And yes - I've checked, the int2 and int3 databases are IDENTICAL. Aaaarrgghhhhh.
I guess.. I am going to need one of those programs I wrote to sync the tmin and tmax
databases, aren't I?
Actually, it's worse than that. The CLIMAT merges for TMN and TMX look very similar:
<QUOTE CLIMAT TMN MERGE INTO LATEST DB>
New master database: updates/CLIMAT/db/db.0902192248/int2.tmn.0902192248.dtb
Update database stations: 2922
> Matched with Master stations: 2227
(by operator: 0)
> Added as new Master stations: 566
> Rejected: 129
Rejects file: updates/CLIMAT/db/db.0902192248/climat.tmn.0902192248.dtb.rejected
<QUOTE CLIMAT TMX MERGE INTO LATEST DB>
New master database: updates/CLIMAT/db/db.0902192248/int2.tmx.0902192248.dtb
Update database stations: 2921
> Matched with Master stations: 2226
(by operator: 0)
> Added as new Master stations: 566
> Rejected: 129
Rejects file: updates/CLIMAT/db/db.0902192248/climat.tmx.0902192248.dtb.rejected
I don't see how we end up with such drastic differences in line counts!!
Well the first thing to do was to fix climat2cruauto so that it treated tmin and tmax as
inseparable. Thus the CLIMAT databases for these two should be identical (um, apart from
the data values).
OK, this is getting SILLY. Now the BOM and CLIMAT conversions are in sync, and the original
databases are in synch, yet the processing creates massive divergence!!
You see? The HANNOVER 1930 date, and the BERLIN-TEMPELHOF 1991 date, are wrong!! Christ.
That's not even consistent, one's supposedly in the tmin file, the other, the tmax one.

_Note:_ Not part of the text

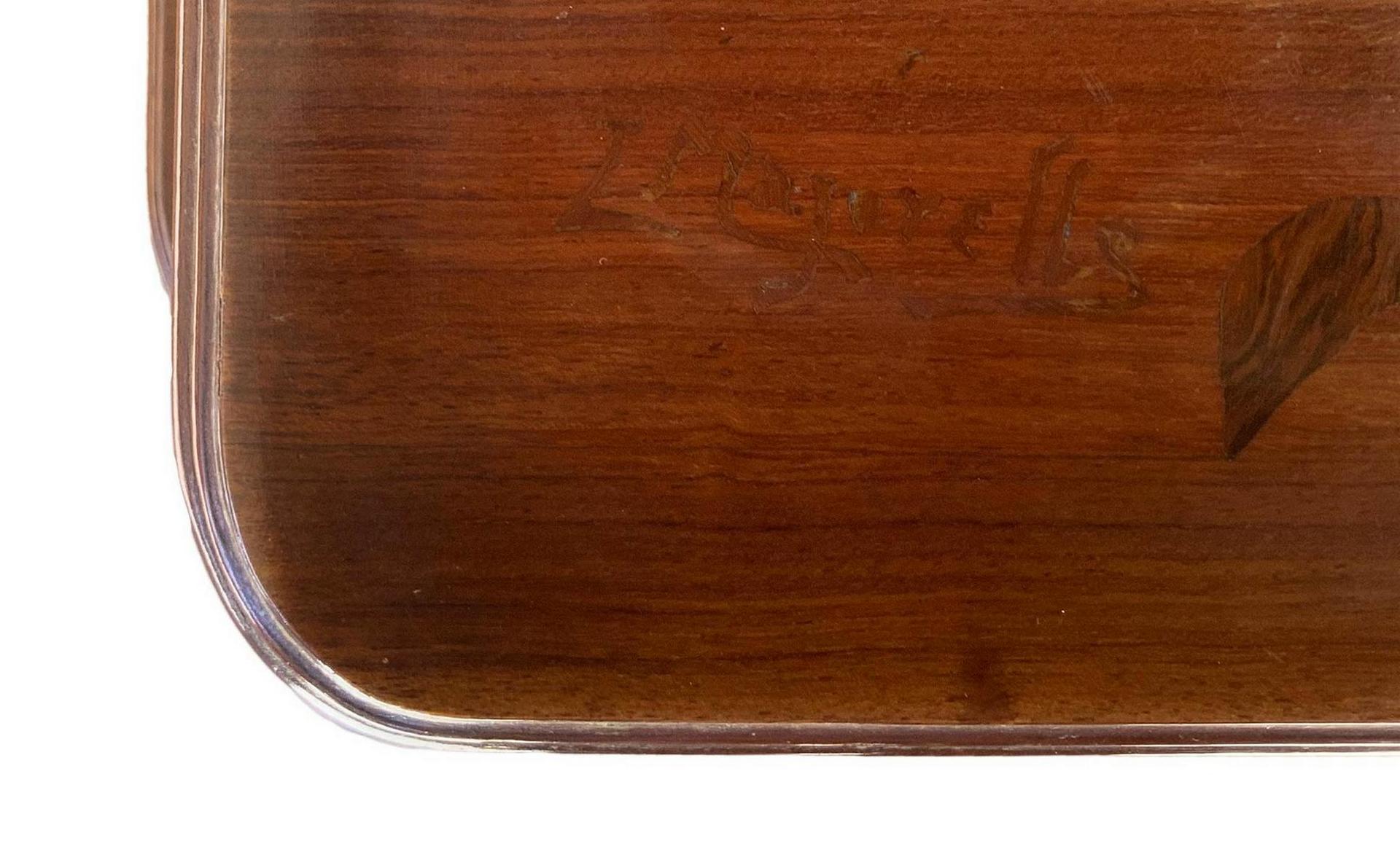 Tavolinetto antico Art Nouveau di Louis Majorelle, Francia, periodo Liberty. In legno con intarsi in legno chiaro. Firmato sull'angolo destro del piano L. Majorelle. H cm 80x85x60

So, an apparently-random pollution of the start dates. And.. FOUND IT! As usual, the program is
doing exactly what I asked it to do. When I wrote it I simply didn't consider the possibility
of tmin and tmax needing to sync. So one of the first things it does, when reading in the
exisitng database, is to truncate station data series where whole years are missing values. And
for HANNOVER, tmax has 1927-1929 missing, but tmin has (some) data in those years. A-ha!
What to do.. I guess the logical thing to do is to not truncate for tmin and tmax! So I added a
flag to newmergedbauto, that it passes to the 'getmos' subroutine, that stops it from replacing
start and end years, and.. it worked!! Hurrah! Or, well.. it ran without giving any errors or
crashing horribly. Yes, that's it. And here are all the 142 files (and directories) it created:
So, this leaves the new databases in the db/xxx/ directories, and db/latest.versions.dat telling
us which ones they are. Which should be all the next suite of programs needs to create the final
output files. Eeeeeeeek.